De la conscience à l’action


Par où commencer ? « Tout part d’une transformation en profondeur de chacun d’entre nous », estime le cinéaste. Arrêter de se conformer à ce qu’on croit être la nature humaine, retrouver le lien aux autres et à la nature, cultiver l’être plutôt que l’avoir… « A partir de ce changement intérieur, l’action suit naturellement. »
« Le changement vient de millions d’actes apparemment insignifiants, repris et imités par d’autres,
poursuit l’historien Howard Zinn. L’histoire montre que l’émergence progressive d’une conscience, lorsqu’elle atteint un nombre critique de gens, finit par lancer un mouvement suffisamment fort pour changer la donne. » La non-violence marche : les suffragettes, Gandhi et Martin Luther King en sont la preuve. « L’amour peut être une force puissante, applicable en politique. »
Si on s’y met tous, le matérialisme et l’individualisme cesseront petit à petit d’être la panacée, l’économie redeviendra un « outil pour assurer le bien-être et la sécurité des gens » plutôt qu’un « sport monétaire », espère Tom Shadyac.
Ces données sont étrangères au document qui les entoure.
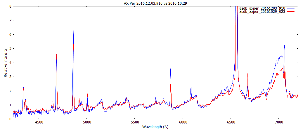 Interesting that continuum did not change during 1 month that much as I expected, contrary to the poor SNR in the blue of my spectrum (made 16 x 600 secs, took The Cas before and after, using the average as a ref.star).
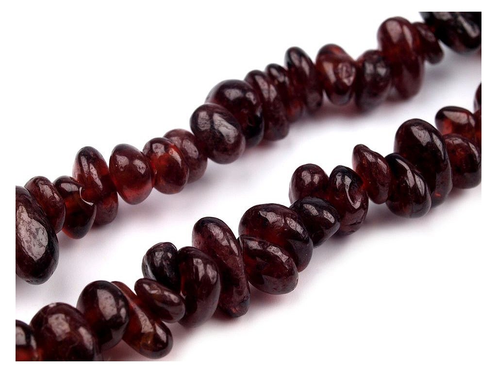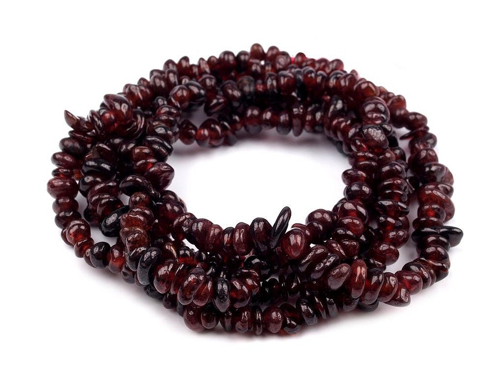 Zlomky přírodních minerálů - to jsou jedny z nejvariabilnějších bižuterních prvků. Jsou zajímavé kresbou kamene a půvabné svým průsvitem. Tyto korálky jsou jedním z našich hitů, což je dáno jejich kvalitou, a velmi příznivou cenou. Jsou vhodné k výrobě náušnic, náramků, náhrdelníků a také motanic. Můžete je navléci na lanko nebo na ketlovací jehlu a pak zavěsit na řetízek. Zlomky granátu jsou navlečené na dvojité polyesterové niti.- Délka: 88 - 90 cm
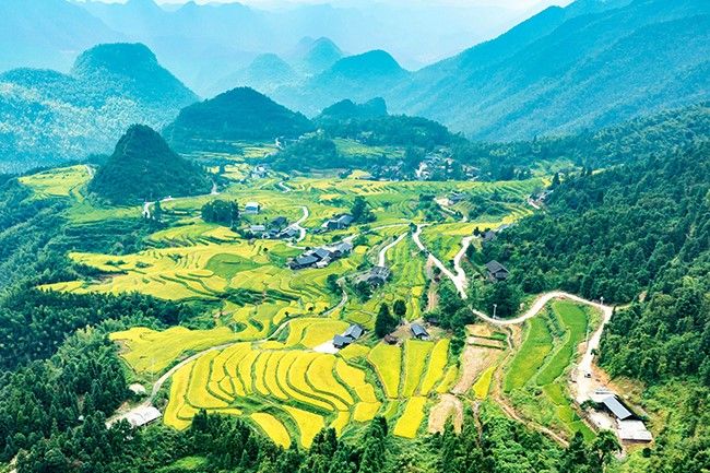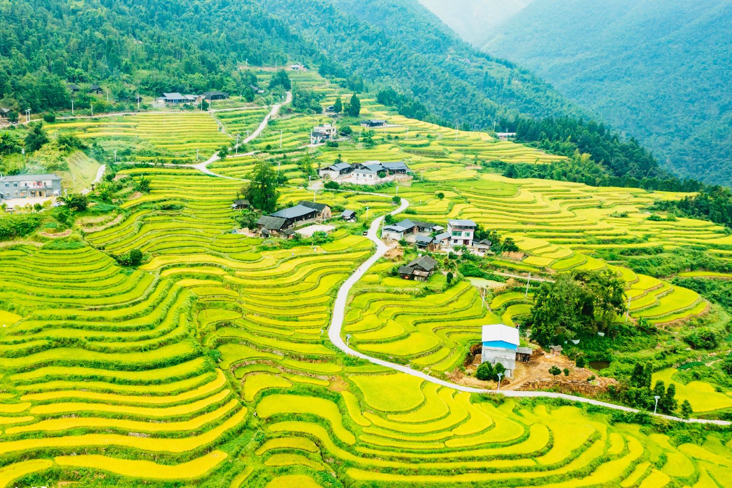 图为29日,湖南东安舜皇山国家森林公园,金黄的稻谷与层层叠叠的梯田、错落有致的村庄相互映衬,“丰”景如画。(人民网)
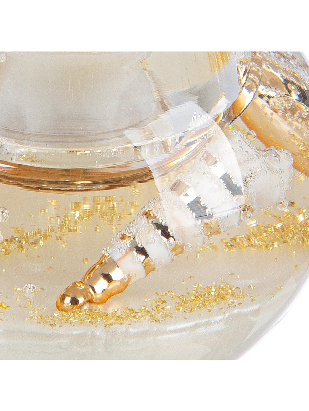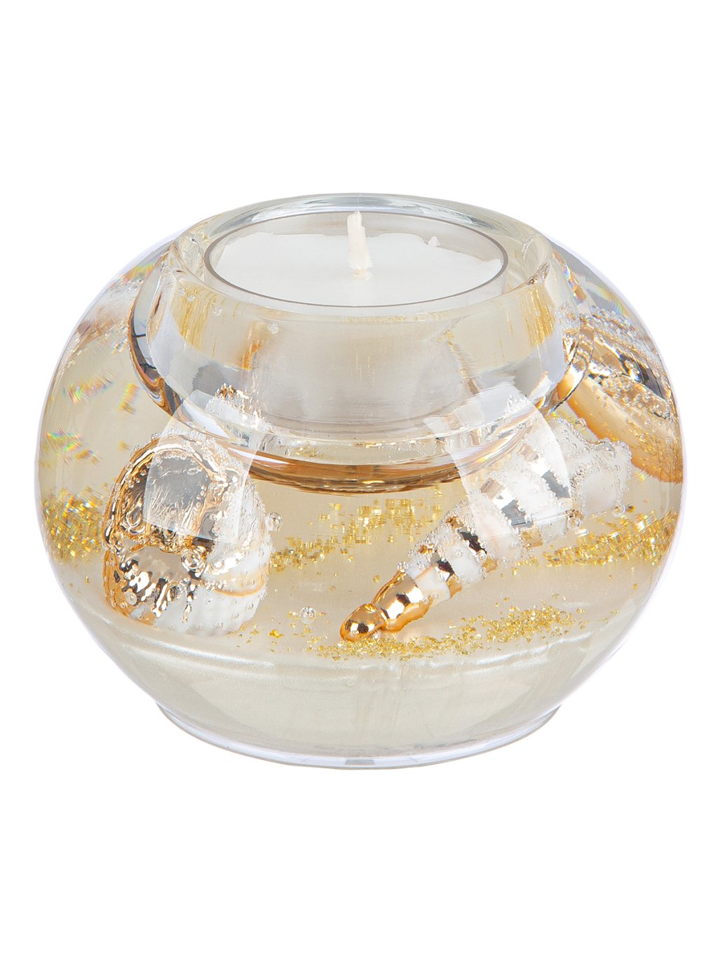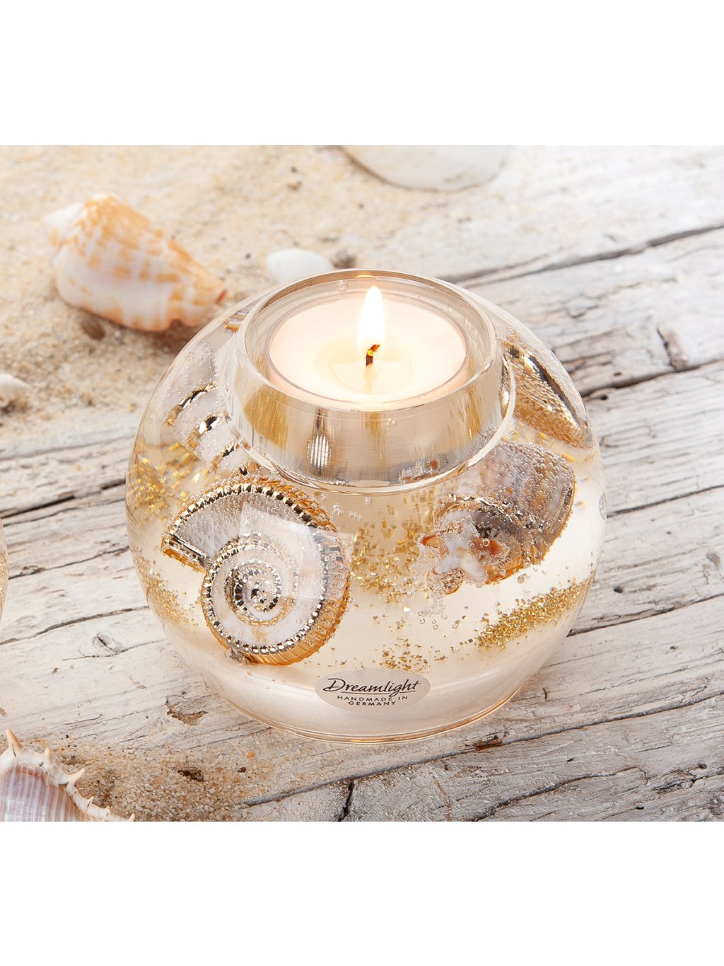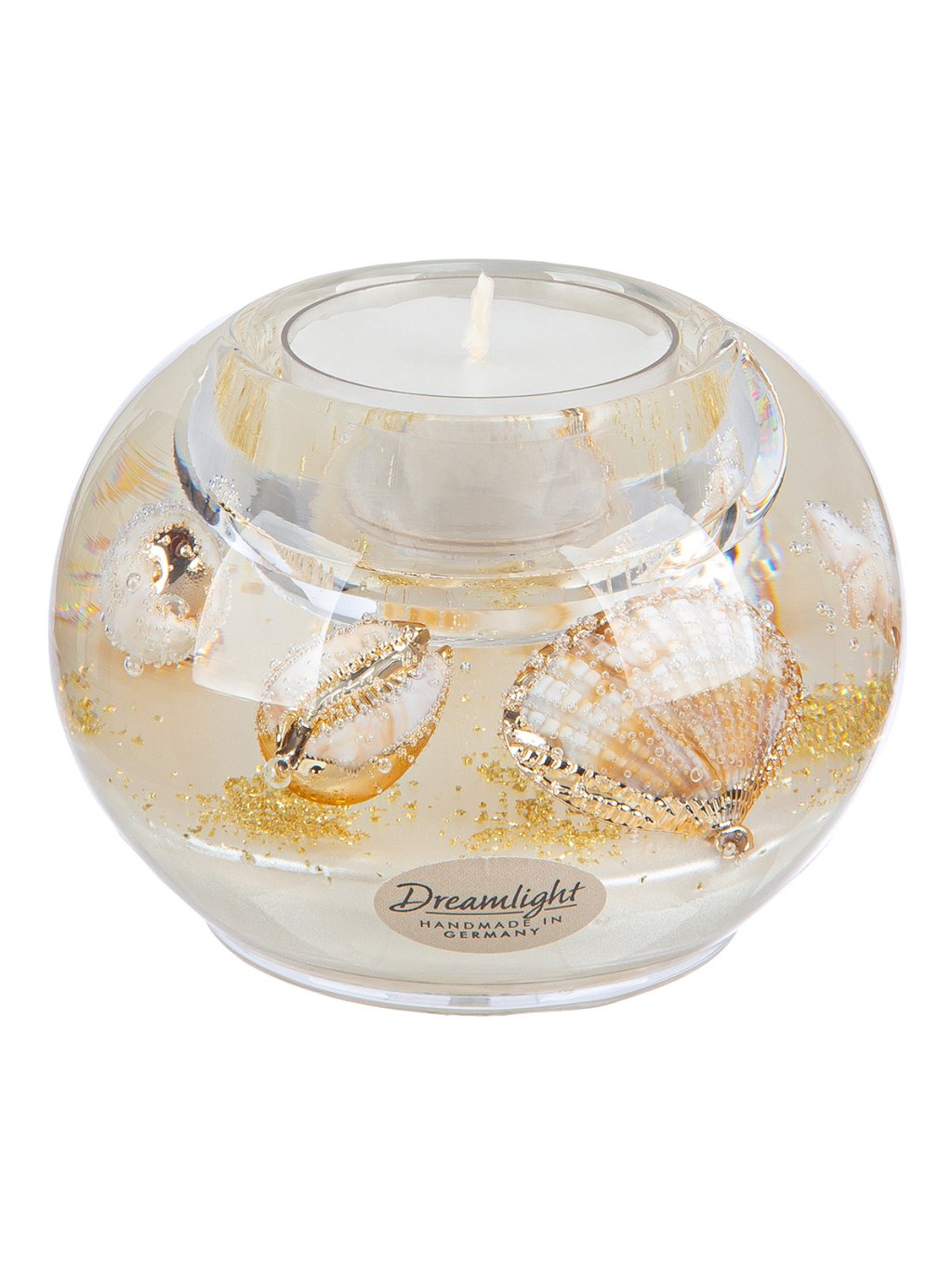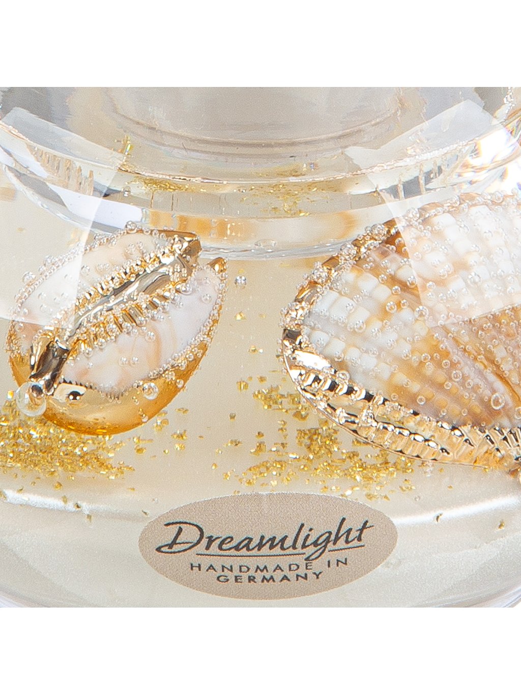Luxusný, ručne vyrobený svietnik z Nemecka, ktorý kombinuje číre sklo, jemné mušle a zlatisté odlesky. Ideálny doplnok pre milovníkov elegancie a prímorskej atmosféry.
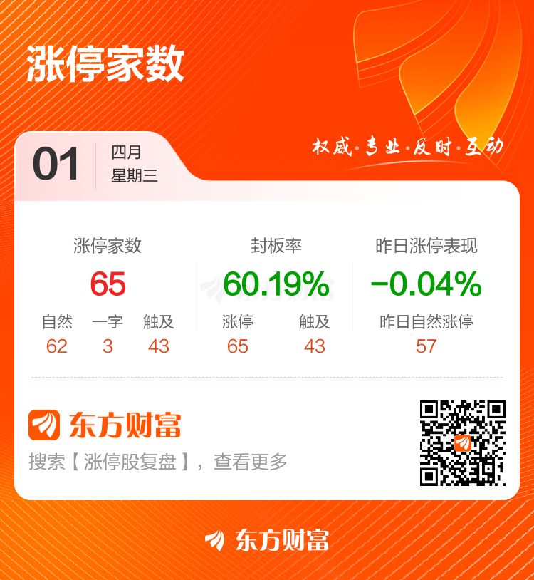 涨停个股数量方面,今日共计65股涨停,另有43只个股盘中一度触及涨停,封板率60.19%。
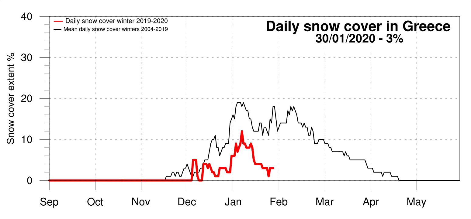 Εδω και η χιονοκαλυψη για την Ελλαδα. Εχουμε περιπου 6 φορες λιγοτερη εκταση χιονιων απο οτι την περιοδο 2004-2019.
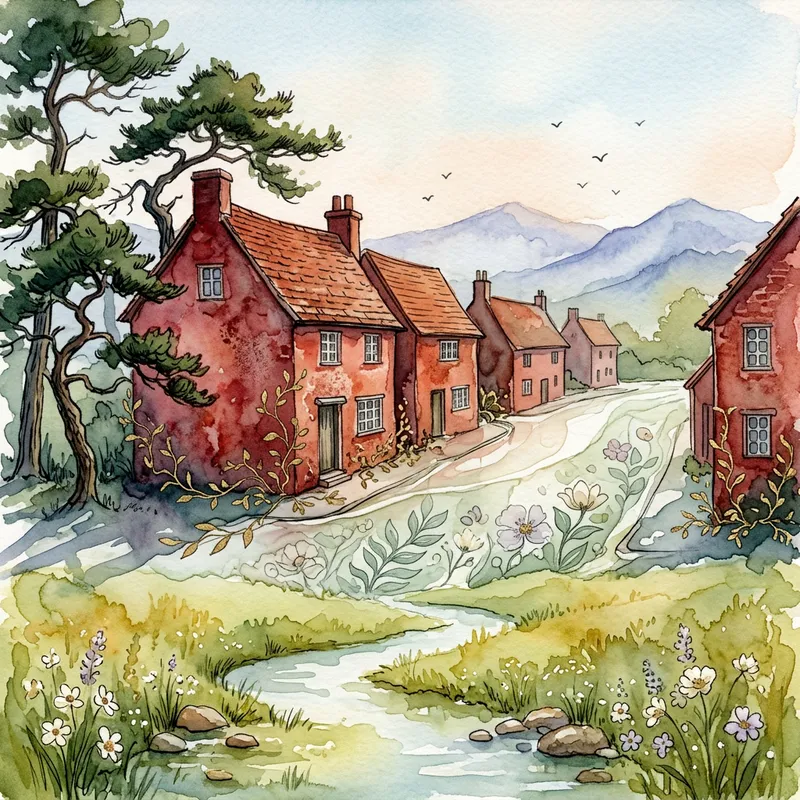 Old rusty antique crimson brick houses, countryside street like clear transparent glass with sage green leaves and light purple wet watercolor illustration alcohol ink ivory flowers, twisted Pine trees and gold vines and subtle shadows. In the field with a stream, stones and flowers ( beautiful masterpiece of surreal town : 1.3). Summer vibes mountain , birds in the distance
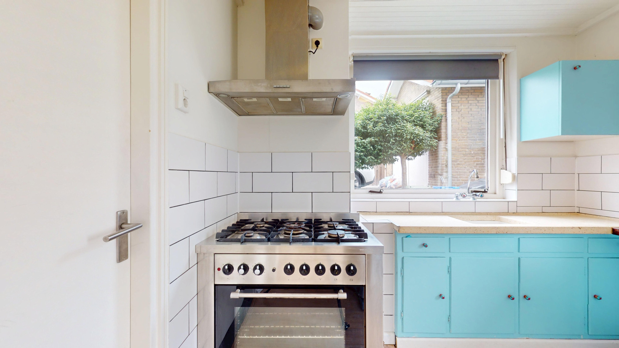 Gesloten keuken (3 x 2,7 m) voorzien van laminaatvloer en uitgerust met de originele Bruynzeel opstelling met de volgende apparatuur: Amerikaanse koel-/viriescombinatie, oven, 5-pits gas gasfornuis, vaatwasser en rvs schouwmodel afzuigkap.
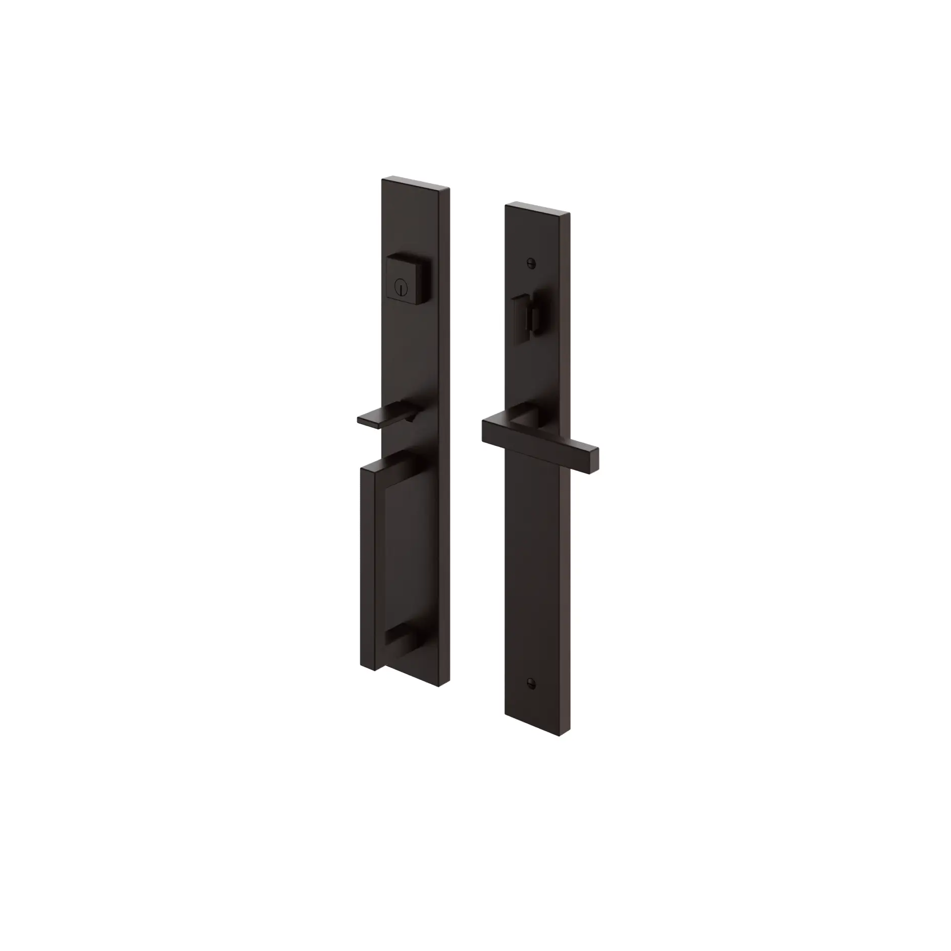 The Berlin Gripset Handle offers a combination of style and functionality, crafted from solid forged brass for durability and equipped with a US-cylinder featuring a standard Schlage “C” keyway. Designed for ease of use, it includes a new snapping mechanism for 90-degree locking with a thumb-turn and an improved spring-load mechanism for the interior lever handle. The handle is non-handed and easy to install, featuring a weatherproof gasket and a stainless steel set screw on the interior lever for added security.

Six ans après son accident, lui reste fidèle à ses choix. Il se déplace à vélo, enseigne sa vision du monde à l’université du coin, reverse tous les bénéfices de I AM à la Fondation qu’il a créée, en faveur des plus défavorisés. Après s’être mis en retrait d’Hollywood, il a repris les chemins des studios, pour réaliser le remake d’Intouchables (actuellement en tournage). Une comédie centrée sur la compassion… pour laquelle une grosse partie de sa rémunération à huit chiffres sera versée sur un compte philanthropique.
« Une voix intérieure me dit parfois que je suis fou d’avoir renoncé au luxe qui m’était offert pour adopter un style de vie que la société ne considère pas comme une réussite, mais pour moi, c’est presque l’inverse, conclut le réalisateur. Comme dit Gandhi : vis simplement, pour que d’autres puissent simplement vivre. »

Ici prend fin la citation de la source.